Statistics summarizing information about the 3,376 RNA-seq samples and their analysis. Information is provided for the average of the 3,376 samples and for the total of all 3,376 samples.

  Average Total
File size 7.2 GBs 24 TBs
Number of reads 16 million 52 billion
Number of bases 2 billion 7.1 trillion
Read length 91 bases -
Paired reads 67% -
Quality score 35 -
FASTQ download time 3 minutes 171 hours
Alignment time 31 minutes 1,775 hours
Sorted binary format time 18 minutes 1,001 hours
Assembly time 8 minutes 455 hours
Alignment rate 76% -

Pipeline

We developed a bioinformatics pipeline for analysis of the massive sequencing dataset (Figure 1). At the core of the pipeline are the tools HISAT2 and StringTie from the popular Tuxedo suite [19], which support sequencing read alignment to a reference genome and transcript assembly, respectively.

Figure 1.

Figure 1.

Overview of pipeline for acquiring and evaluating the compendium of RNA-seq data sets for E. coli. Data were obtained from the Sequence Read Archive and analyzed by a number of bioinformatic tools in a seven stage process. For each stage depicted, blue text describes the stage, red text specifies the tools used, and green text indicates the resulting file format.

The most time consuming component of the pipeline corresponds to aligning the sequencing reads to the reference genome. On average, sequencing reads from a sample took 31 minutes to align to the E. coli genome, with 76% of the 52 billion reads successfully aligning with high confidence (Table 1). Overall, the pipeline required 3,402 hours of computation to complete execution. Because samples could be processed independently from one another, we observed an approximately linear speed up in execution time as we increased the number of employed computer processors. Using 24 processors in parallel on a server with 3 GHz Intel Xeon Gold processing, the wall-clock execution time of the pipeline required 359 hours.

Transcript assembly

As part of the pipeline, RNA-seq alignments were assembled into putative transcripts.

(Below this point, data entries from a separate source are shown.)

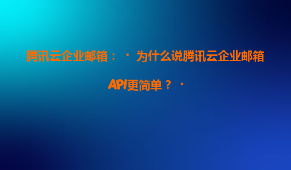 2025-07-06腾讯云企业邮箱:为什么说腾讯云企业邮箱API更简单? 一、腾讯云企业邮箱API的简单性解析 腾讯云企业邮箱API的设计理念以“开发者友好”为核心,通过模块化接口、标准化协议和丰富的文档支持,显著降低了企...
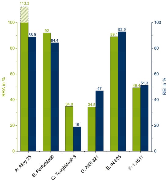 The highest values for RRA and REl and therefore the best resistance to hydrogen embrittlement were found for high-strength Cu alloy Alloy 25 (material A). For this alloy, the calculated value for RRA (theoretically) exceeds 100% which corresponds to no HE effects whatsoever, but rather represents statistic deviations of the mechanical properties. The slightly reduced REl is caused by a single outlier sample. These findings are in accordance with the low hydrogen content within the charged samples (0.02 ppm) and the fracture surfaces which revealed hardly any difference between the hydrogen-free and hydrogen-charged samples in terms of fracture morphology.
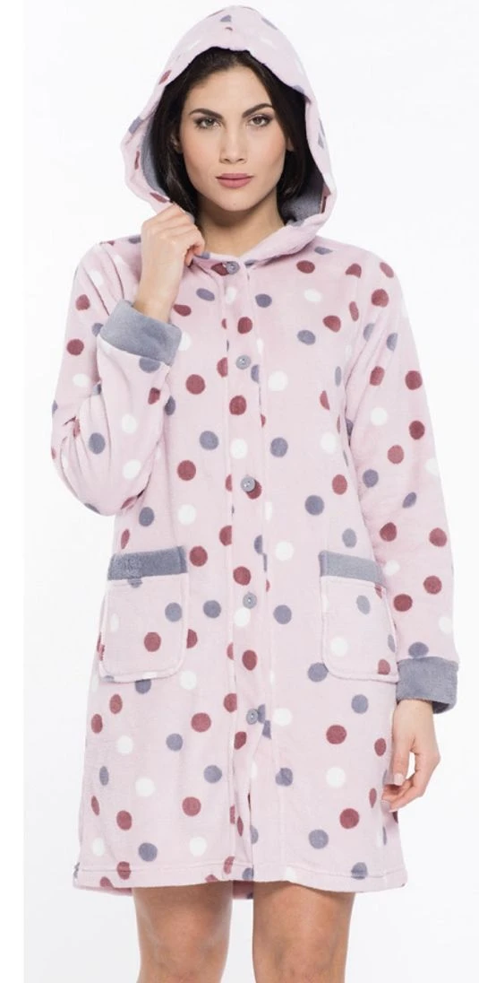 Vestaglia Donna tutta aperta con bottoni Coral Pile Karelpiu’ 9218 morbida e calda con capuccio
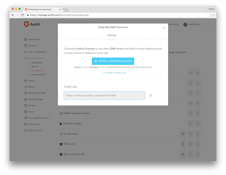 Save the configuration. You are done on the Auth0 side! You will then be prompted to download the AD/LDAP Connector on your machine.
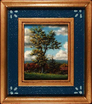 Paul McMillan Miniature Pennsylvania Landscape Painting Old Tree in Autumn Miniature 4"x 5" Image Oil on Panel No. 335 Sold. Paul McMillan miniature oil paintings have jewel like details with finely blended smooth surfaces that show a little brushwork. Each miniature painting has a guilded plaster frame made by the artist. 7.5" x 8.5"outside, x 1" thick.
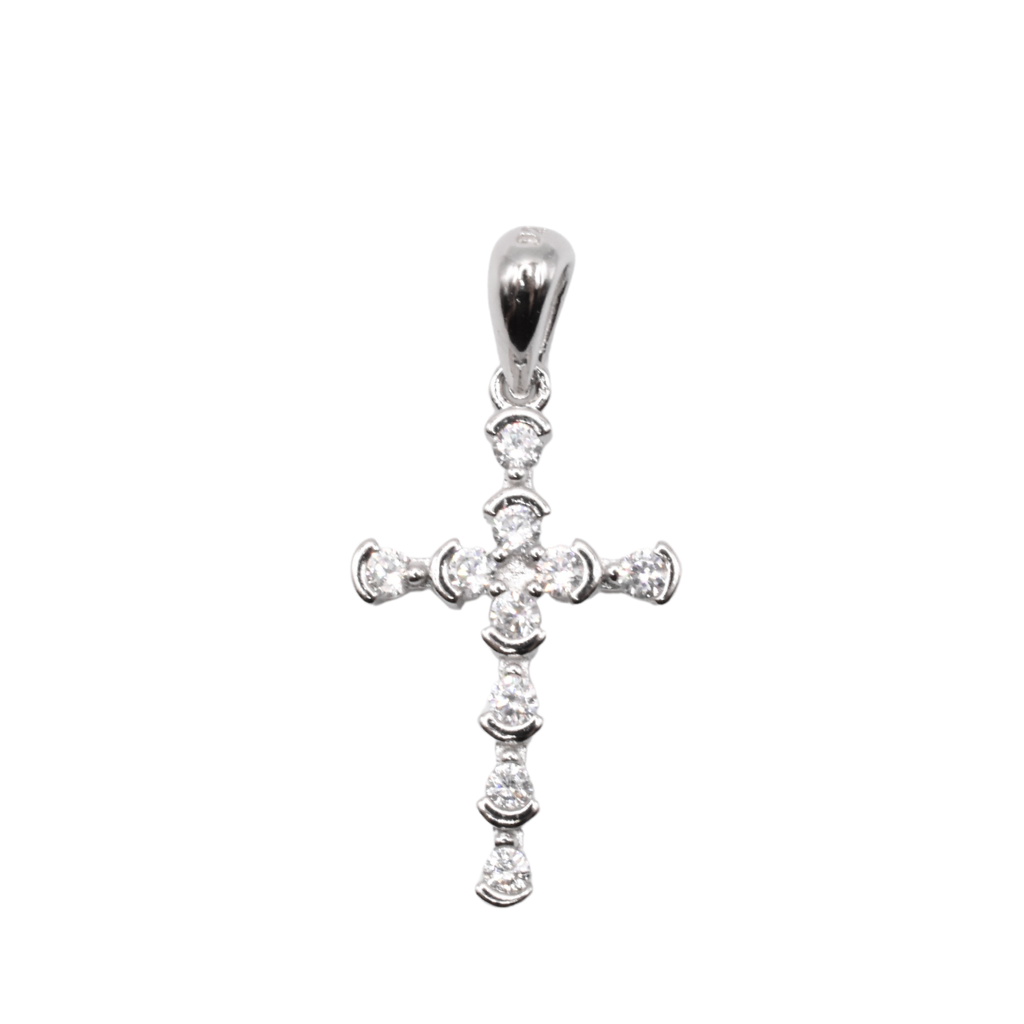 Subtelny i elegancki srebrny krzyżyk z cyrkoniami, wykonany z najwyższej jakości srebra próby 925.
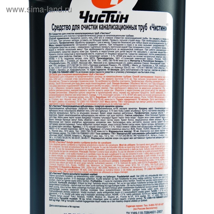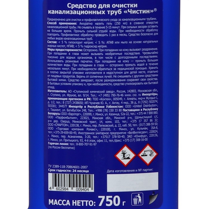 Способ применения: аккуратно нанести гель (250 мл) в сливное отверстие канализационной трубы. Не смывать в течение 5-15 мин. При сильных засорах оставить на большее время. Промыть сильной струей воды. При необходимости обработку повторить. В профилактических целях обработку проводить 1 раз в месяц.
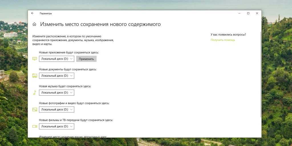 В появившемся окне в разделе «Новые приложения будут сохраняться здесь» выберите нужный диск и нажмите «Применить». Теперь все ваши программы из Microsoft Store будут устанавливаться в новое место.
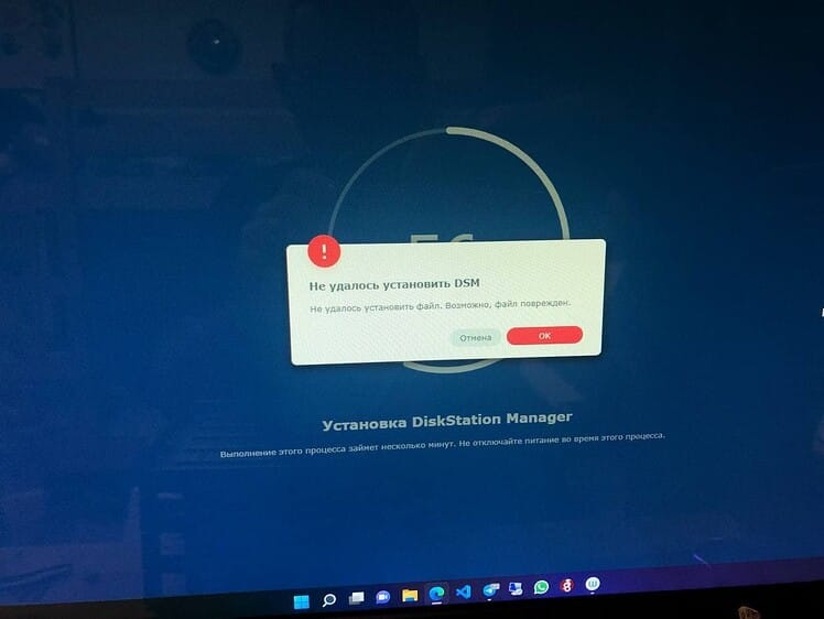 Она делала вид что исправна, просила установить DSM, форматировала диски но в определенный момент падала в ошибку “не удалось установить DSM” примерно на 56-60%.
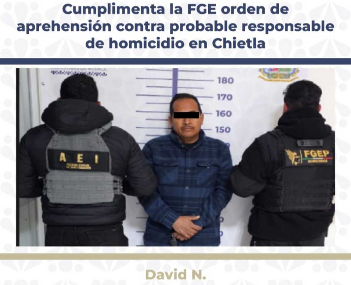 La Fiscalía General del Estado de Puebla detuvo a David N., en cumplimiento a una orden de aprehensión en su contra, por su probable participación en el delito de homicidio calificado, ocurrido en el municipio de Chietla.
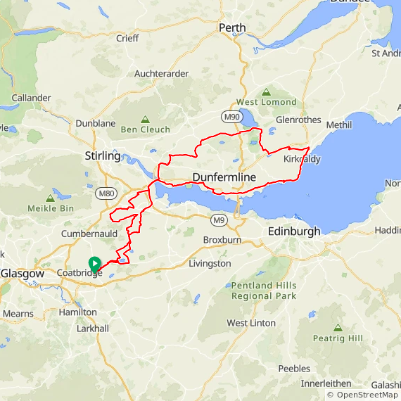 I won't make it a hattrick, it was damn scary and I had to endure it for 2 miles before finally reaching the exit for Lochgelly! The really annoying thing is there are no warning signs saying no bicycles, the only saving grace was a very narrow shoulder which was covered in debris and I was terrified I might get a puncture!

Thus, for each sample, a set of assembled transcripts was identified corresponding to transcript expression in the particular experiment. The 3,376 transcript assemblies were then merged using the GffCompare tool to establish a single set of transcripts based on expression observed from all samples. Altogether, 9,581 transcripts were identified in the merged assembly: 4,510 transcripts corresponding to annotated E. coli genes (https://dataverse.harvard.edu/api/access/datafile/6562494) and 5,071 other transcripts (https://dataverse.harvard.edu/api/access/datafile/6562495). When comparing the merged assembly to annotated E. coli genes, the merged assembly has sensitivity of 100% at both the base level and the gene level [20] indicating that transcripts are found spanning the extent of all annotated E. coli genes. In addition to transcripts corresponding to annotated genes, 5,071 other transcripts were observed in the 3,376 samples. The extent to which these other transcripts correspond to false-positive transcript identifications in the context of being non-functional remains unclear. These other transcripts may correspond to, for example, transcriptional noise, anti-sense transcription, or other novel transcripts such as yet to be annotated regulatory RNAs or small peptides, and merit further investigation.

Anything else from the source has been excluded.